What are you reading for? A lesson from Frank Kermode

It might seem unlikely that a work of literary criticism should occasion a “eureka! moment.” However, I had just such an experience when reading Frank Kermode’s The Genesis of Secrecy: On the Interpretation of Narrative (Harvard. 1979). The relevant passages may seem somewhat arcane — on a first reading, at least. However, I think that their meaning(s) can be teased out without too much trouble. To plunge in at the deep end:

We are so habituated to the myth of transparency [in texts] that we continue, as Jean Starobinsky neatly puts it, to ignore what is written in favour of what it is written about.

When he [Spinoza] drew up his rules of scriptural interpretation in the seventh chapter of the Tractatus Theologico–Politicus he distinguished strictly between meaning and truth (what is written and what it is written about): in exegesis “we are at work,” he said, “not on the truth of passages but on their meaning.” And he expressed a particular distaste for the practice of distorting meaning “in order to make it conform with some truth already entertained.”
The pleasures of interpretation are ... linked to loss and disappointment, so that most of us will find the task too hard, or simply repugnant; and then, abandoning meaning, we slip back into the old comfortable fictions of transparency, the single sense, the truth.

I confess that I cannot — as of the moment, at least — fully comprehend the difference between “what is written and what it is written about.” However, the general conclusion I draw from the sum of the quoted passages, is that if we read in the hope of bolstering our preconceived ideas or prejudices, then we are lost. For example, if we are “fully paid up Freudians”, and read always with an eye for such ideas as will tend to confirm the theories of Freud, then we are reading with a partially closed mind. Further, if we encounter an argument — no matter how well thought out — that would tend to disconfirm the theories of Freud, it is very likely that we will not give due and deserved measure to the author’s meaning(s). Quite likely, we will “shoot the messenger”; launch an ad hominem attack; and quietly fume, to our own unassuageable discomfort.

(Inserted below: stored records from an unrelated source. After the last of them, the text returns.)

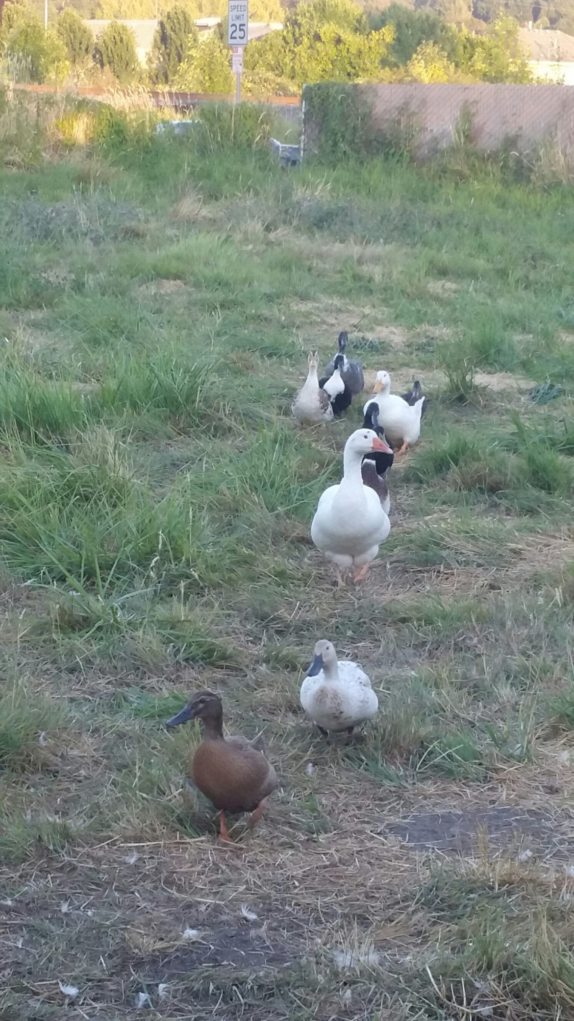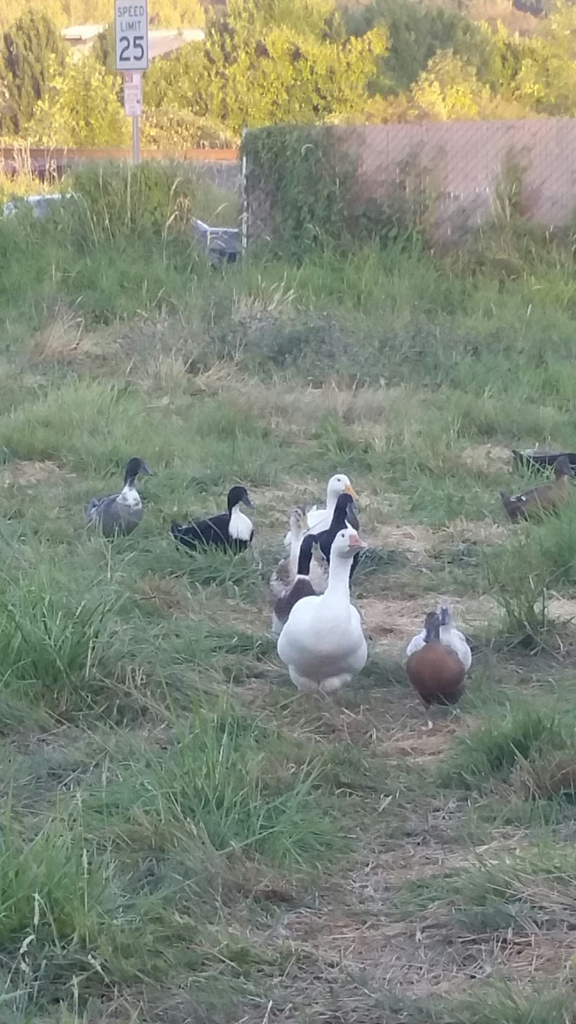 They have access to about 1/4 acre to roam and forage and eat whatever they can find in the weeds, dirt, and grass.
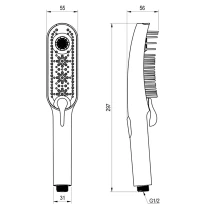 Handduschen är designad för enhandsanvändning. De fyra strållägena växlas smidigt med ett reglage eller en knapp på baksidan.
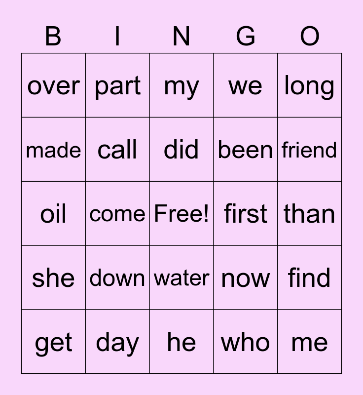 This bingo card has a free space and 24 words: down, day, did, get, long, over, made, part, first, water, been, oil, now, find, call, who, than, my, friend, come, me, she, we and he.
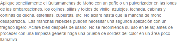 Elimina rápidamente las manchas de moho y de humedad. Utilizable en cualquier tejido, skai, vinilo, colchoneta, lona, toldo, plástico, revestimiento o superficie de gel coat. Apto para superficies del baño, cocina y juntas de alicatado y silicona. Envase. 750ML spray
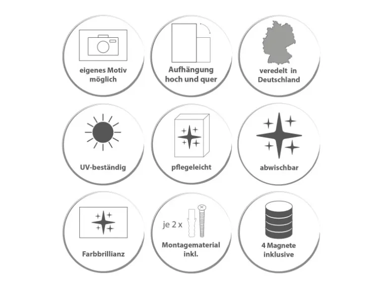 Die Magnet Pinnwand besteht aus silber lackiertem Stahl in der Größe 78 x 37cm. Die aufgebrachte Motivfolie ist mit einem Schutzlaminat überzogen, wodurch sie UV-Resistent und stoßfest ist.
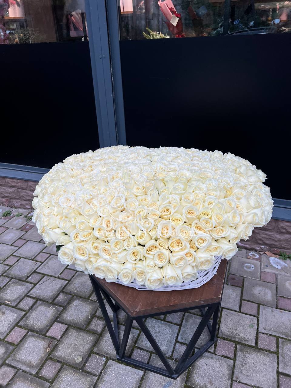 Монументальная композиция из полутора сотен белоснежных бутонов создает впечатление цветочного облака. Корзина придает устойчивость и завершенность форме, позволяя разместить такой масштабный ансамбль в любом пространстве.
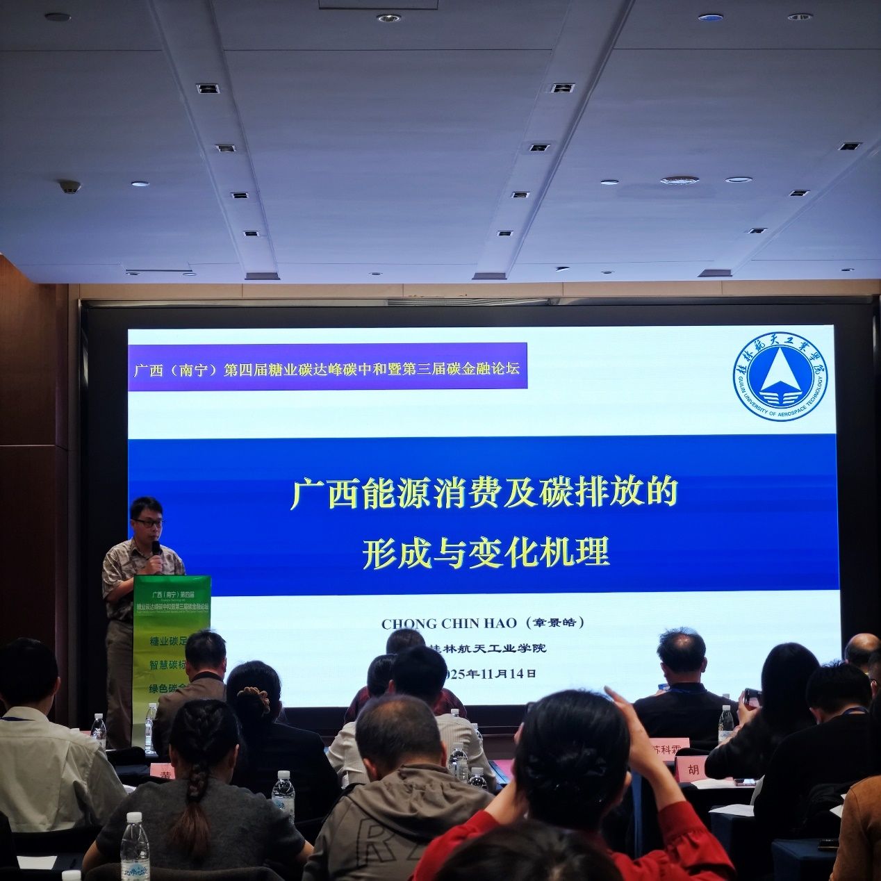 2025年11月14日,广西(南宁)第四届糖业碳达峰碳中和暨第三届碳金融论坛在南宁举行,我院专任教师CHONG CHIN HAO(章景皓)教授应邀出席并作大会报告《广西能源消费和碳排放责任的形成与变化机理》。
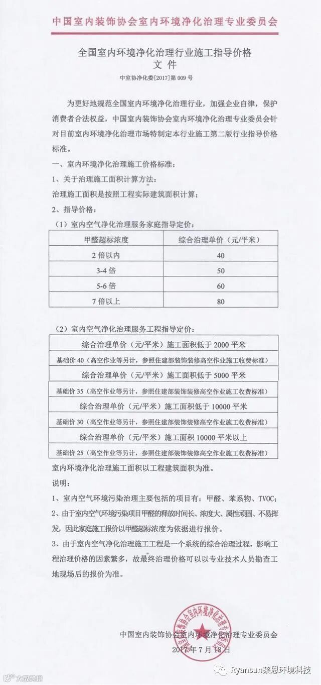 室内环境治理就是如此。作为一个关乎客户生命健康安全的环保行业,其治理效果的好坏当然不能只靠价格和宣传,产品效果保证为基础,每一步的施工步骤和每一个工序直接影响治理效果,所以治理室内装修污染不能只单单靠价格!下面一起来看看国家相关部门的标准如何定价收费。
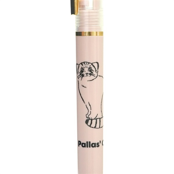 パステルピンクの本体にこちらを見つめるマヌルネコがワンポイント!0.5㎜ボールのインクは黒色、ノック式で書き味もなめらかです。
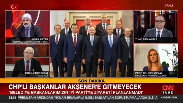 Muhalefetin 6'lı koalisyonu 1 yılda çöktü. Masanın büyük ortakları CHP ve İYİ Parti arasındaki savaş sonrası Kemal Kılıçdaroğlu ve Meral Akşener belediye başkanları ile parti genel merkezlerinde toplantı yaptı. CHP'li 10 belediye başkanının İYİ Parti Genel Başkanı Akşener'le bir araya geleceği iddia edildi. Ancak bu iddia ad masanın yaşadığı gibi bir kaosa dönüştü. Bazı yayın organları 'gidecek derken' bazıları ise 'gitmeyecek' dedi. Konuya ilişkin CHP'den açıklama geldi.
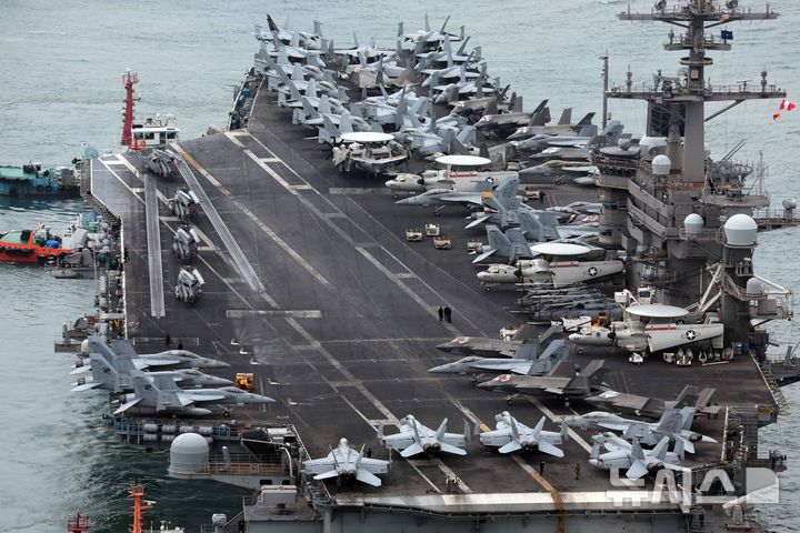 [부산=뉴시스] 하경민 기자 = 미국 해군의 니미츠급(10만t급) 핵추진 항공모함 '칼빈슨함'(CVN-70)이 2일 오후 부산 남구 해군작전사령부 부산작전기지에 입항하고 있다. 2025.03.02. yulnetphoto@newsis.com |
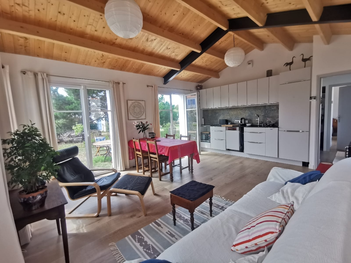 Maison individuelle 71m², terrasse petit jardin sud clos calme Proche du port, commerces 15mn à pied, 5mn à vélo Belle plage de Ker Châlon à 150m Idéale pour séjour avec enfants Belle pièce à vivre 34m², cuisine équipée ouverte sur salon Affaires bébé 1 chambre lit double, 1 chambre 2 lits simples, lits neufs Lave-vaisselle, four, micro-onde, induction Salle de douche, lave-linge, sèche-linge, WC séparé Barbecue Non fumeur, Pas d'animaux
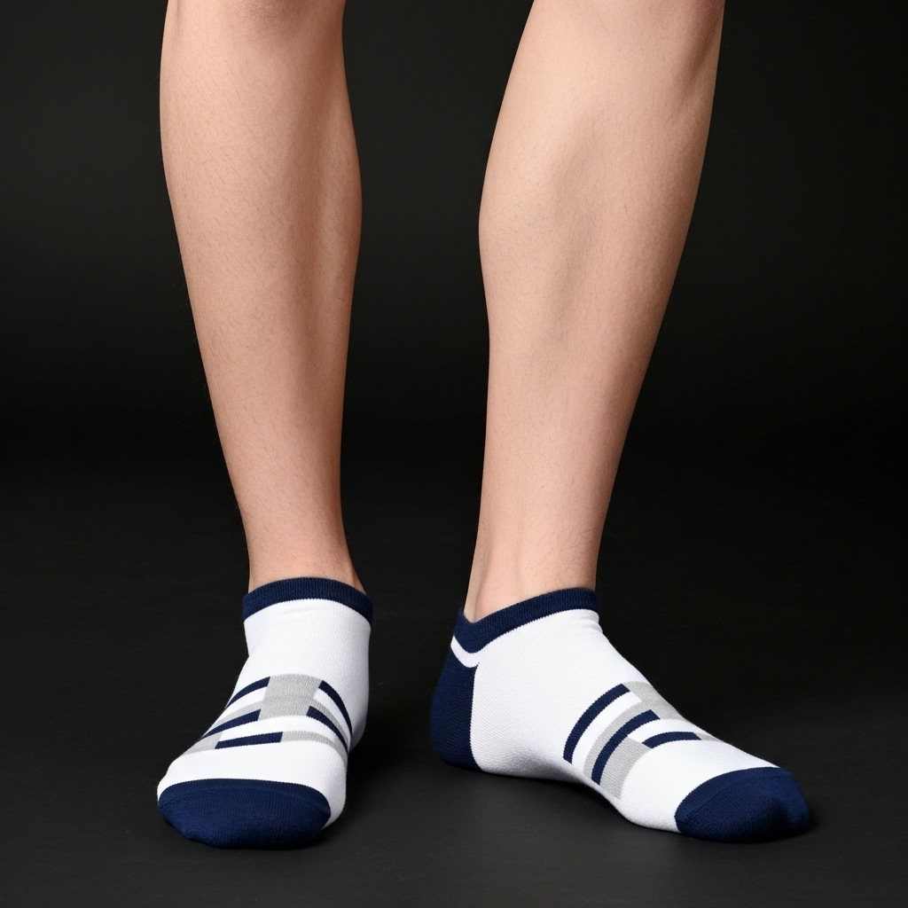 Add a fresh and sporty touch to your essentials with our White Sporty Low-Cut Socks. Designed with a clean white base and accented by bold navy and grey stripes, these socks strike the perfect balance between casual style and everyday comfort.
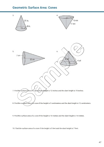7. Find the surface area of a cone if the height is 12 inches and the slant height is 15 inches.
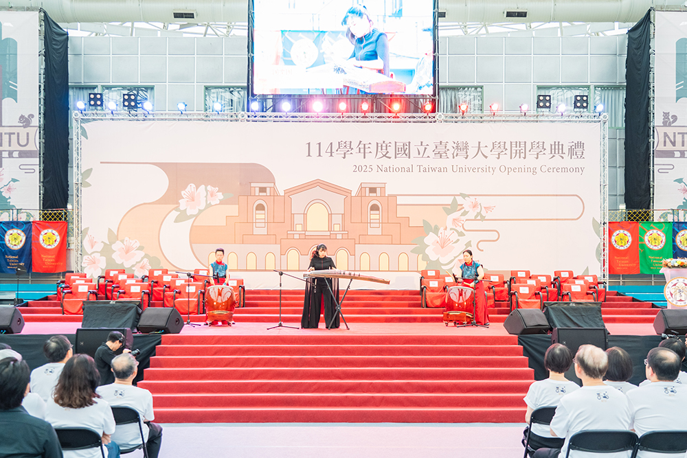 典禮由社團影片與現場表演揭開序幕,吸引新生與家長目光,展現臺大熱情及多元的社團文化。演出自打擊樂與古箏震撼開場,隨後由交響樂團與管樂團帶來精湛演奏,最後以現代舞社與火舞社的熱力演出將氣氛推向高潮,贏得滿堂喝采。影片與演出緊密呼應,傳遞大學生活不僅限於課堂學習,更能透過社團拓展人際、豐富人生。
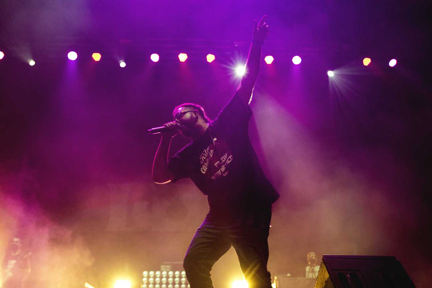 Hubo lugar también para las colaboraciones y momentos estelares como la participación de Adala en “Gira la Moneda”, el Auténtic Home Llúdriga en “Tant Per Fer” o EAM en “Guerra Mental (Societat d'algun Troll), que es lo más cerca que han estado nunca LDS de sonar como ese referente del rap-rock que son Def Con Dos. Y es que “Vértigo”, el nuevo trabajo que estaban presentando en sociedad los catalanes, es su disco más áspero, directo y meditado. Un álbum que dota de canciones muy políticas como “Futuro bajo arresto” a su repertorio, logrando que su flow sea mucho más rap que nunca, lo cual no impide para nada que la gente no cese de balancearse en ningún momento, y participe gustosa de los juegos que les proponen desde el escenario. Es obvio que hay ganas de pasarlo en grande y las muestras de agradecimiento de Neidos, Microbio y Still III se suceden, a la vez que tienen momentos para recordar sus duros inicios desde el Maresme cuando no le hacían ascos a tocar en cualquier escenario, en las condiciones que fueran. De esa forma y gracias al boca a boca su base de fieles seguía creciendo hasta catapultarlos a lo que son en la actualidad.
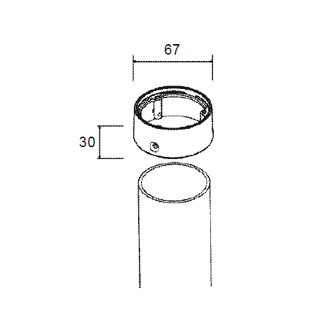 Raccordo per pali standard Ø 60 in alluminio pressofuso primario. Adattabile a qualsiasi palo ø 60 mm. Dimensione: 67x30mm.
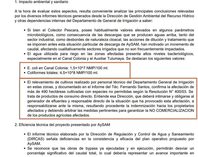 “El agua utilizada para riego en las zonas afectadas presenta altos niveles bacteriológicos, especialmente en el Canal Colonia y el Auxiliar Tulumaya...El relevamiento de cultivos realizado por personal técnico del Departamento General de Irrigación en estas zonas, y documentado, confirma la afectación de más de 490 hectáreas cultivadas con especies no permitidas", determinaba la resolución origina. Por eso, por ejemplo, se declaró la prohibición de comercialización de productos de esa zona y se ordenó que Aguas Mendocinas se haga cargo.
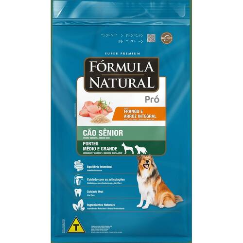 Desenvolvida por médicos veterinários, a linha Fórmula Natural Pró oferece uma nutrição de alta qualidade para cães. Fórmula Natural Super Premium Pró Cão Sênior Portes Médio e Grande Sabor Frango e Arroz Integral auxilia na saúde intestinal, contribui para uma pelagem bonita e saudável, além de promover cuidado com a saúde oral e das articulações. Disponível no sabor frango e arroz integral, oferece todos os cuidados para promover saúde, longevidade e qualidade de vida aos cães adultos. Formulada com ingredientes naturais, não contém corantes e aromatizantes artificiais.
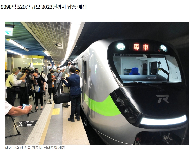 현대로템은 지난 2018년 대만 교외선 전동차 520량을 약 9098억 원에 수주하며 1999년에 수주한 철도청 전동차 56량 이후 19년 만에 대만 시장에 다시 진출했다.
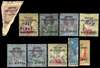 1893-4 surcharges used group (10), with faults but some of good appearance. SG 7 on small piece, a little foxing, clear Brandon Certificate (1990); SG 9 slightly faded, toned; SG 11, one foxed perf; SG 17 slightly blunt corner; SG 20 washed; SG 21, 35 and 37 all with thins; SG 57 foxed, and SG 59 on tiny piece, toned. Useful reference. Catalogued £2900
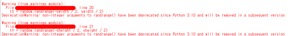 DeprecationWarning: non-integer arguments to randrange() have been deprecated since Python 3.10 and will be removed in a subsequent version
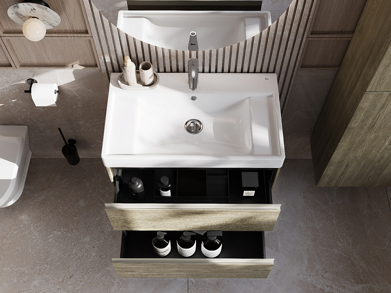 В обоих ящиках находятся противоскользящие коврики, а верхний ящик снабжен также встроенной организацией пространства – эстетика и идеальный порядок в ванной комнате.
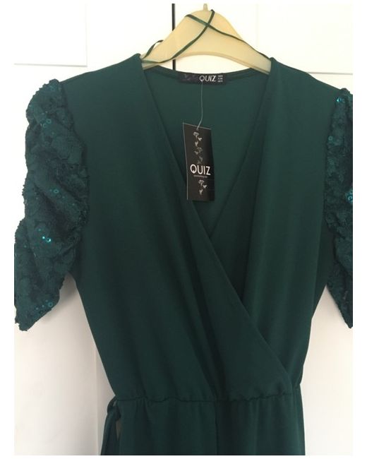 Stunning trouser-suit by Quiz. Never worn. Sequin and lace short sleeves. Bottle green colour.
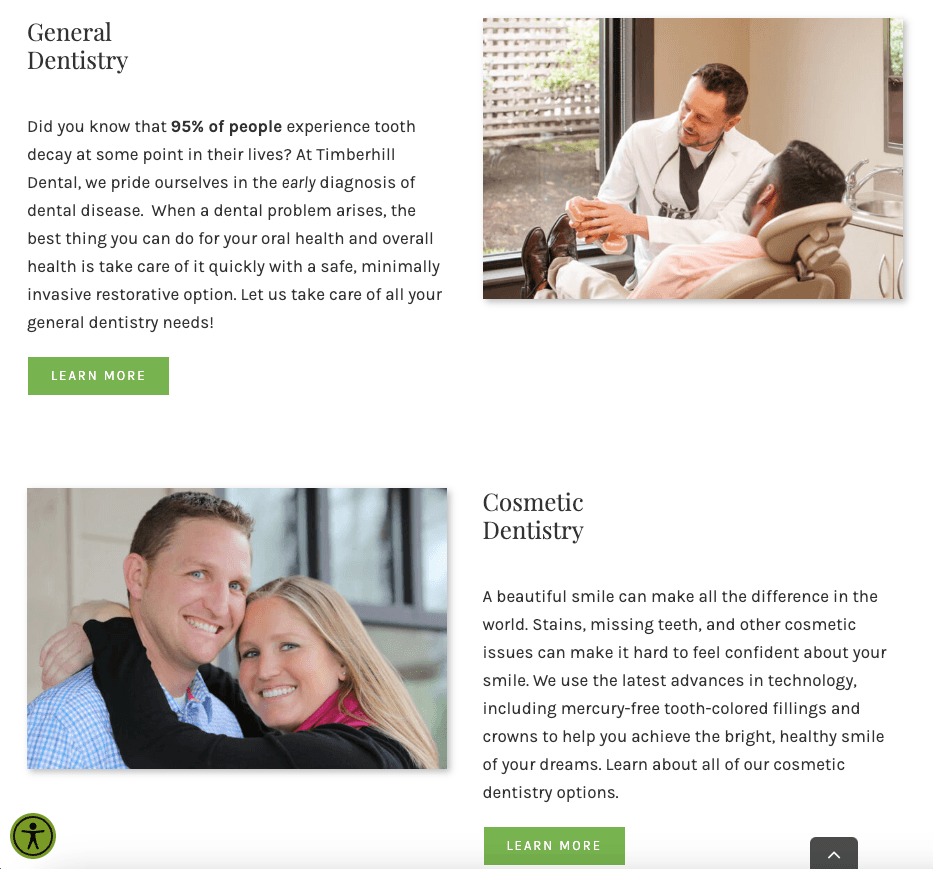 Austin Dental Works does a great job integrating icons into their website to help enhance their messaging. They use icons like a tooth and a smile to enhance the written content on their website.
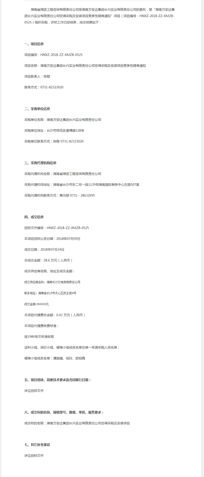 湖南萬安達集團長興實業(yè)有限責任公司空調采購及安裝項目競爭性磋商通知成交公告

What then, should we be looking for in a text? The answer is, I think, very clear and straightforward — no matter how difficult the task is in practice: we should be reading — quite simply [sic] — for what we can find. And what we find — assuming depth of thought in the author — will be a series of fluxional meanings. In fact, we may sometimes close a book, and feel much as we might on disembarking from a ferry after a rough passage. And for the idea of “the single sense, the truth”? There is no such thing, and it would be extremely odd if there were; odder still that it had eluded us over all these centuries. It is impossible to contemplate seriously any kind of apprehensible entity that we could label “The Truth”. It is the crock of gold at the end of the rainbow. I do not see that this should worry us. The freer our minds are when reading, the better. Postmodernism has anyway already loosened all the moorings, and I do not see why we cannot read in a lighter frame of mind. We carry so much cramping mental baggage about, that it is wonderful when we allow ourselves to jettison any of it! Let us have an end to stultifying personal predilections; to unintelligent rubbishing of authors that we don’t happen to enjoy; and even of trying — too hard, at least — to get others to read our own favourites. As Emerson writes, “You have seen a skilful man reading Plutarch. Well, that author is a thousand things to a thousand persons. Take that book into your own two hands and read your eyes out. You will never find there what the other finds...” This we must learn to let be: in full content.